I'd like the entries reproduced exactly, with the images omitted.

(Entries taken from a collection)
=== Section Start ===

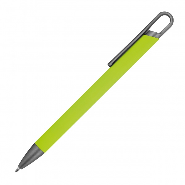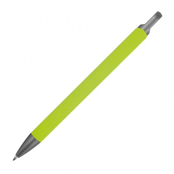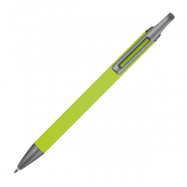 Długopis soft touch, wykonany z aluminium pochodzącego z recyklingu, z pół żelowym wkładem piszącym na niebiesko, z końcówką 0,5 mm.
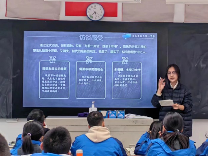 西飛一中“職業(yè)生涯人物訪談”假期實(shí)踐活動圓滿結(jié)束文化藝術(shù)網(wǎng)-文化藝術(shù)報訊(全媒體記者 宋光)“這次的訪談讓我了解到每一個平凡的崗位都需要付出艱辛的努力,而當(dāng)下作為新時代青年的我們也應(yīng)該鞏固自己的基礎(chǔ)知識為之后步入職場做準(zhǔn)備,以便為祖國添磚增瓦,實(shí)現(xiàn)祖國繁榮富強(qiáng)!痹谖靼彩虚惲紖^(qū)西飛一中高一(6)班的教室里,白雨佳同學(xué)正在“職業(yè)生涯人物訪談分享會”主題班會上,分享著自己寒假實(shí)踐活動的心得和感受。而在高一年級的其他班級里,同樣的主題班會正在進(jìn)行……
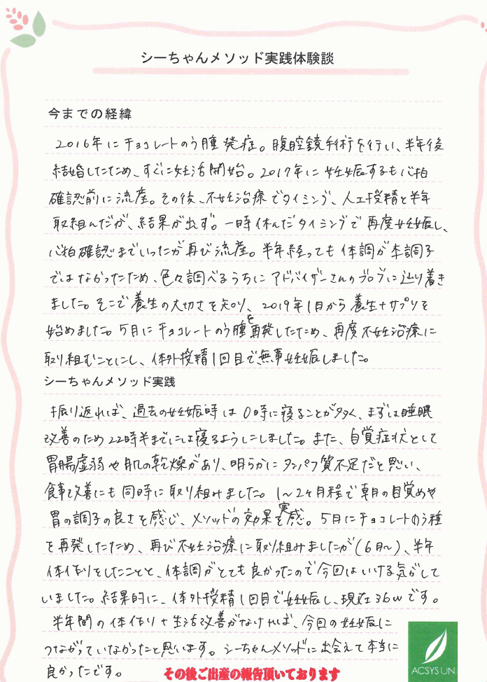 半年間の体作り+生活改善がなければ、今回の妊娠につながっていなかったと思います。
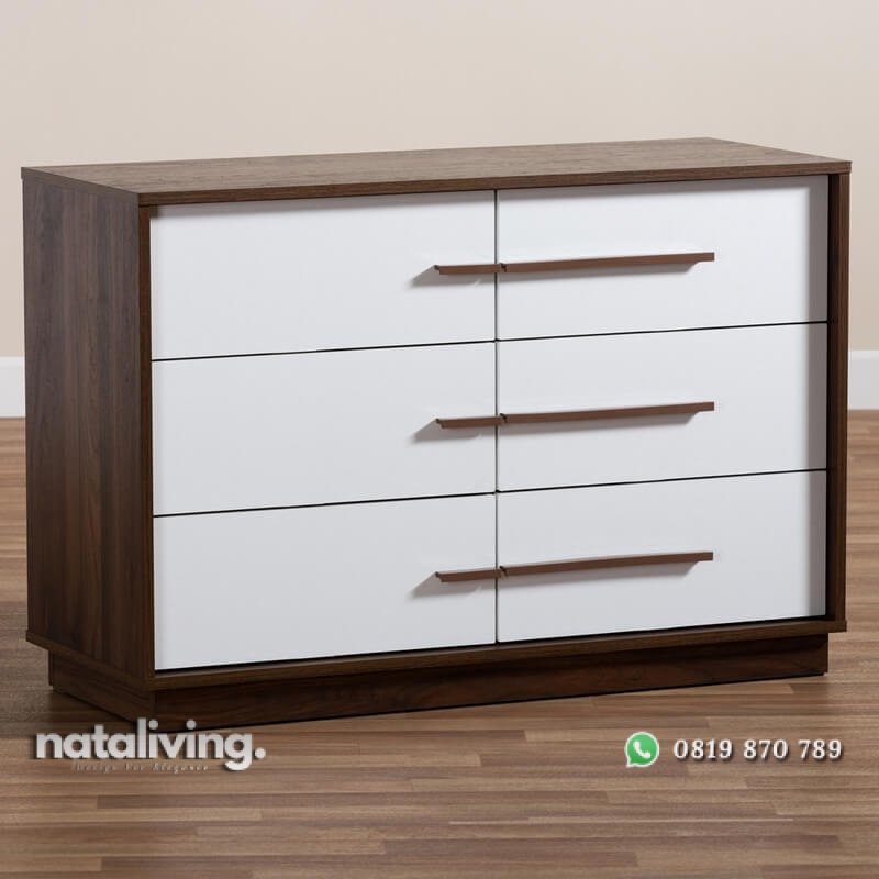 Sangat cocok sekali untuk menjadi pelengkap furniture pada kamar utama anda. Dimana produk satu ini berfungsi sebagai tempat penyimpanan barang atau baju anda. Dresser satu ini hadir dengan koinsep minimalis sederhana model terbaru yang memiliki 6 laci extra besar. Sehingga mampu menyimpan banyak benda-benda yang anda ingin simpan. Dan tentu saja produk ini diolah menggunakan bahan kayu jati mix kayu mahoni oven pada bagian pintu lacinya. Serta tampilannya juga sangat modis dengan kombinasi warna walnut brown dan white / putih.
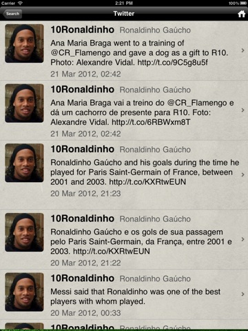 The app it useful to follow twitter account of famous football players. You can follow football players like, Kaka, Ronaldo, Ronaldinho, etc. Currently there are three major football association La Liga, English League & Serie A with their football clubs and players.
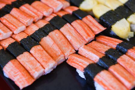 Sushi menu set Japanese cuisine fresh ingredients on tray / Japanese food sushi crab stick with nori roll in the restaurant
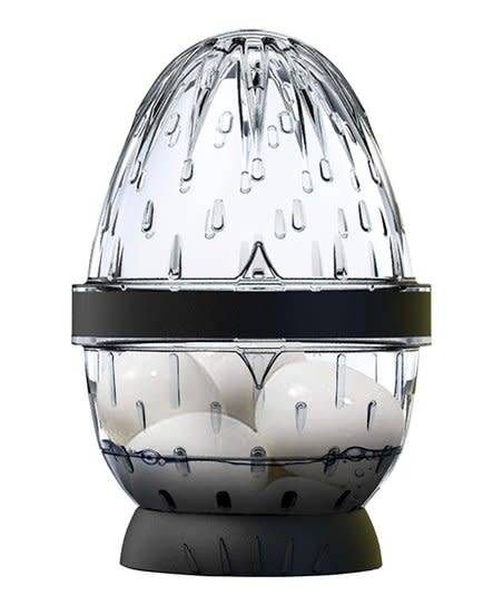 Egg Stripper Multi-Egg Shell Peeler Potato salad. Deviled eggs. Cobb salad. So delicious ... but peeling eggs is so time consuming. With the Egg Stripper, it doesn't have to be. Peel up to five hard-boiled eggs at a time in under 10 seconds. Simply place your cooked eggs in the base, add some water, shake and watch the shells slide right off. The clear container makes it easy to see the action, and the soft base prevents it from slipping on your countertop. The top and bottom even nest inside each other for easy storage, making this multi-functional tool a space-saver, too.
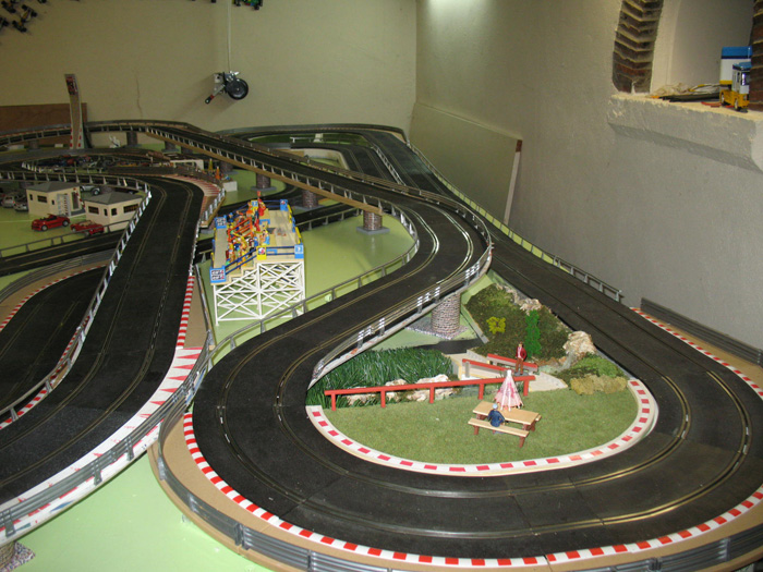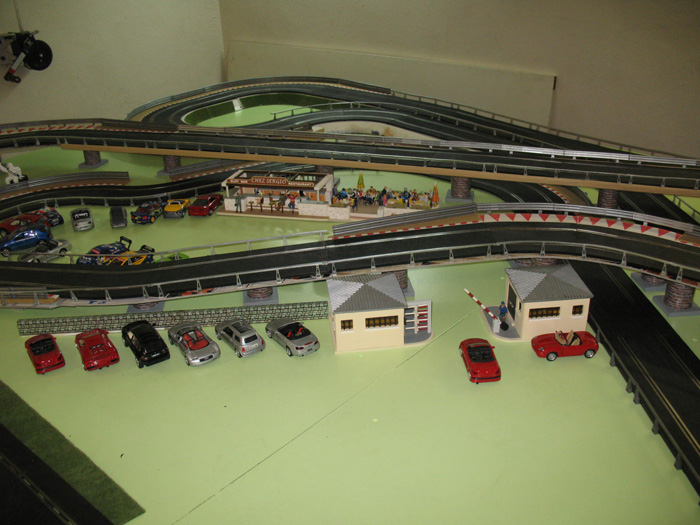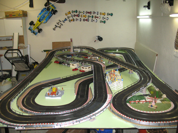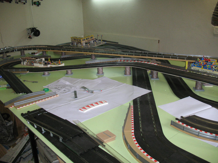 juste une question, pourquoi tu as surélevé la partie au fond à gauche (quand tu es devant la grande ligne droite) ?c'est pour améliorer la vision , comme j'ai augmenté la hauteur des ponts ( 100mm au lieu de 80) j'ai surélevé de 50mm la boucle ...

=== Section End ===

**Output for this exercise:**
 Długopis soft touch, wykonany z aluminium pochodzącego z recyklingu, z pół żelowym wkładem piszącym na niebiesko, z końcówką 0,5 mm.
 西飛一中“職業(yè)生涯人物訪談”假期實(shí)踐活動圓滿結(jié)束文化藝術(shù)網(wǎng)-文化藝術(shù)報訊(全媒體記者 宋光)“這次的訪談讓我了解到每一個平凡的崗位都需要付出艱辛的努力,而當(dāng)下作為新時代青年的我們也應(yīng)該鞏固自己的基礎(chǔ)知識為之后步入職場做準(zhǔn)備,以便為祖國添磚增瓦,實(shí)現(xiàn)祖國繁榮富強(qiáng)!痹谖靼彩虚惲紖^(qū)西飛一中高一(6)班的教室里,白雨佳同學(xué)正在“職業(yè)生涯人物訪談分享會”主題班會上,分享著自己寒假實(shí)踐活動的心得和感受。而在高一年級的其他班級里,同樣的主題班會正在進(jìn)行……
 半年間の体作り+生活改善がなければ、今回の妊娠につながっていなかったと思います。
 Sangat cocok sekali untuk menjadi pelengkap furniture pada kamar utama anda. Dimana produk satu ini berfungsi sebagai tempat penyimpanan barang atau baju anda. Dresser satu ini hadir dengan koinsep minimalis sederhana model terbaru yang memiliki 6 laci extra besar. Sehingga mampu menyimpan banyak benda-benda yang anda ingin simpan. Dan tentu saja produk ini diolah menggunakan bahan kayu jati mix kayu mahoni oven pada bagian pintu lacinya. Serta tampilannya juga sangat modis dengan kombinasi warna walnut brown dan white / putih.
 The app it useful to follow twitter account of famous football players. You can follow football players like, Kaka, Ronaldo, Ronaldinho, etc. Currently there are three major football association La Liga, English League & Serie A with their football clubs and players.
 Sushi menu set Japanese cuisine fresh ingredients on tray / Japanese food sushi crab stick with nori roll in the restaurant
 Egg Stripper Multi-Egg Shell Peeler Potato salad. Deviled eggs. Cobb salad. So delicious ... but peeling eggs is so time consuming. With the Egg Stripper, it doesn't have to be. Peel up to five hard-boiled eggs at a time in under 10 seconds. Simply place your cooked eggs in the base, add some water, shake and watch the shells slide right off. The clear container makes it easy to see the action, and the soft base prevents it from slipping on your countertop. The top and bottom even nest inside each other for easy storage, making this multi-functional tool a space-saver, too.
 juste une question, pourquoi tu as surélevé la partie au fond à gauche (quand tu es devant la grande ligne droite) ?c'est pour améliorer la vision , comme j'ai augmenté la hauteur des ponts ( 100mm au lieu de 80) j'ai surélevé de 50mm la boucle ...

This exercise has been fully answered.